### Source material
↓
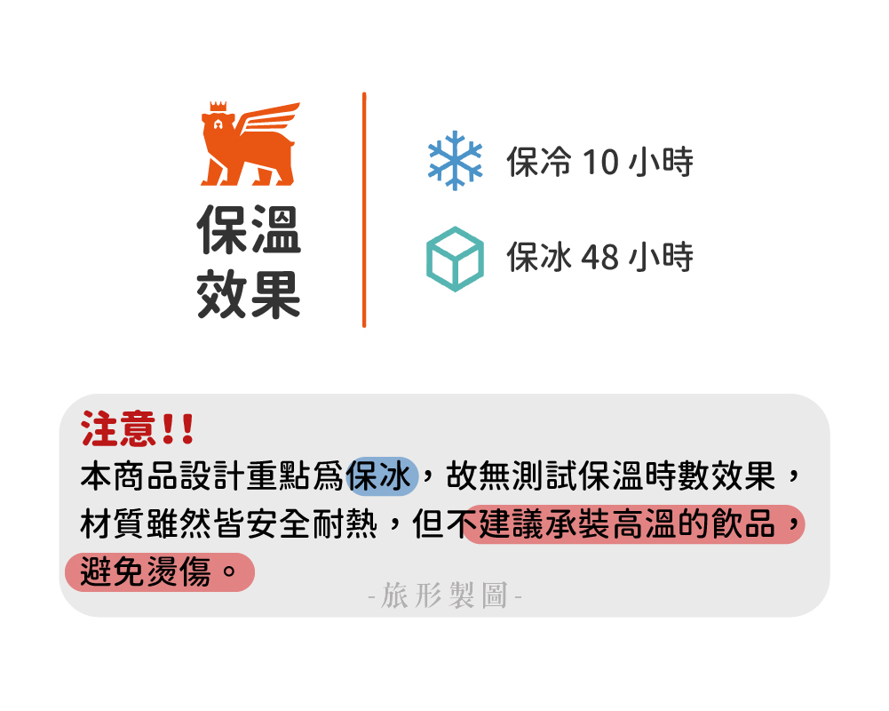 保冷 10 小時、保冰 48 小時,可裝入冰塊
↑
↓
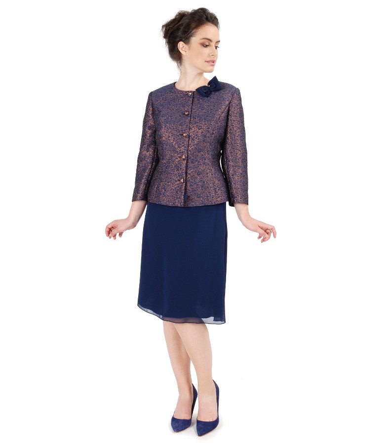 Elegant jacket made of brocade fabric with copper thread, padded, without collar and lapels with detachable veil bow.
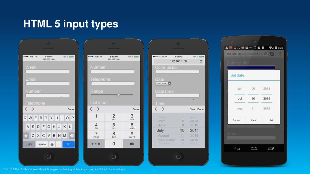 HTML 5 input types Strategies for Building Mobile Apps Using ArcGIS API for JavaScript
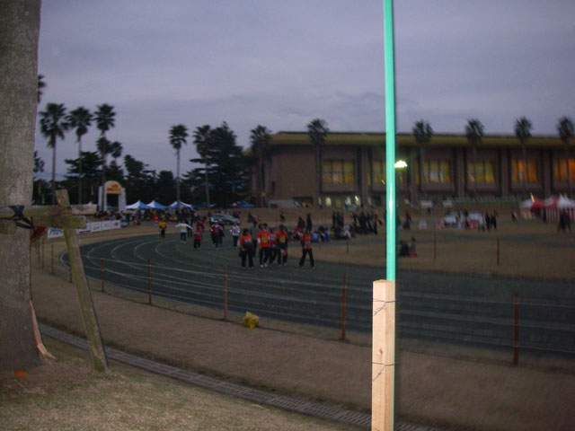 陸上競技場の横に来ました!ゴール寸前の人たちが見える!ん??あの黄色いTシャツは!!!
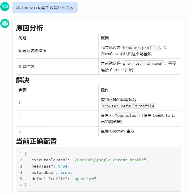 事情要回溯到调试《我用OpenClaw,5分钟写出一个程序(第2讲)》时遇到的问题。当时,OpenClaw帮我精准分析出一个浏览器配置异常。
↑
### Assignment
I'd like the lines above repeated exactly, from the one that contains "Elegant jacket made" through the one that contains "陸上競技場の横に来ました!ゴ", with no pictures.

### Response area
 Elegant jacket made of brocade fabric with copper thread, padded, without collar and lapels with detachable veil bow.
 HTML 5 input types Strategies for Building Mobile Apps Using ArcGIS API for JavaScript
 陸上競技場の横に来ました!ゴール寸前の人たちが見える!ん??あの黄色いTシャツは!!!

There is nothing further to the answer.